The speed with which property repossession cases are being dealt with still isn’t good enough, as courts across the country are failing to follow their own rules.
The civil procedures rules provide a code to ensure courts deal with cases justly. According to these rules, the courts are expected to ensure cases are “dealt with expeditiously and fairly”.
The rules show that it should take around nine weeks from a landlord making a claim through the courts for a property to actually be repossessed. However, the Government’s statistics show that it is taking over 22 weeks.
The Residential Landlords Association (RLA) has highlighted that with the Government consulting on ending the use of Section 21 repossessions in the private rented sector (PRS) the number of repossession cases going through the courts will increase substantially.

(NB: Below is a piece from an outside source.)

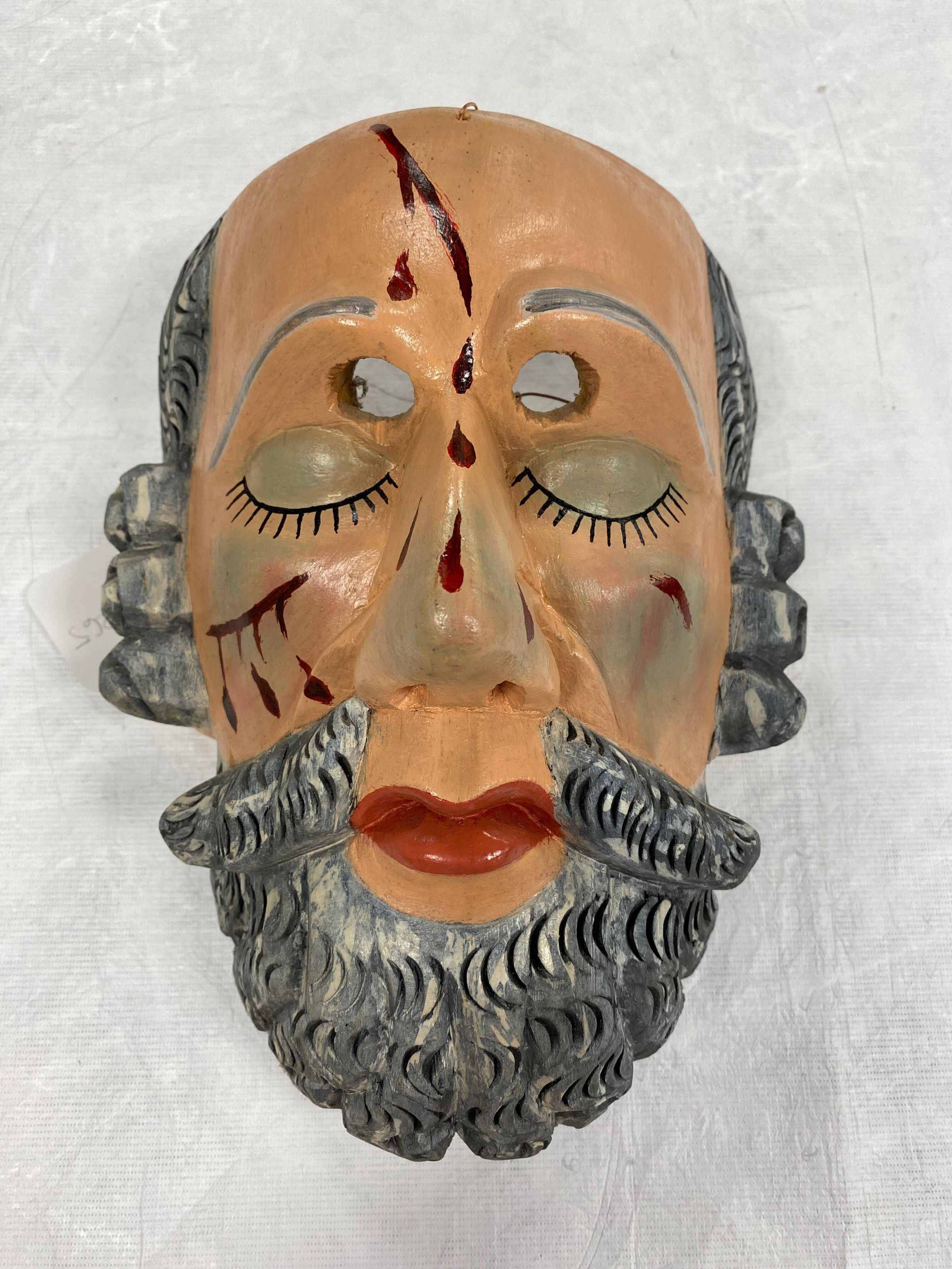 A long oval-shaped wood mask depicting an older man with ivory skin and grey accents on cheeks, nose, and eyelids. There is receding, wavy silver hair that leads to curled sideburns. There is also a parted silver mustache and beard. The eyes are closed and are lined with black eyelashes. The cutout eyeholes for the wearer are under thin grey eyebrows. The mouth is red and closed. Dark red bleeding slashes are painted on the cheeks and forehead. A copper wire is attached to the back. The mask is in excellent condition.Collection

Although the consultation commits the Government to developing “a simpler, faster process through the courts” for repossession cases, no detailed plans have been made.
The RLA argues that we need a properly funded housing court to speed up and improve justice for landlords and tenants. This should be matched by a clear commitment to ensure that landlords have to wait no longer than ten weeks between submitted a case for a property to be repossessed to it actually happening.
David Smith, Policy Director for the RLA, said: “Whilst the Government talks the talk on court reform it is failing to walk the walk. Words alone will not improve the court system for tenants or for landlords. What is needed is a firm plan for a fully-funded housing court, which reverses cuts that have made access to justice more difficult and take far too long. Tinkering with the existing system is simply not good enough.
“Without such fundamental changes the Government’s plans to reform the way landlords can repossess properties are dead on arrival.”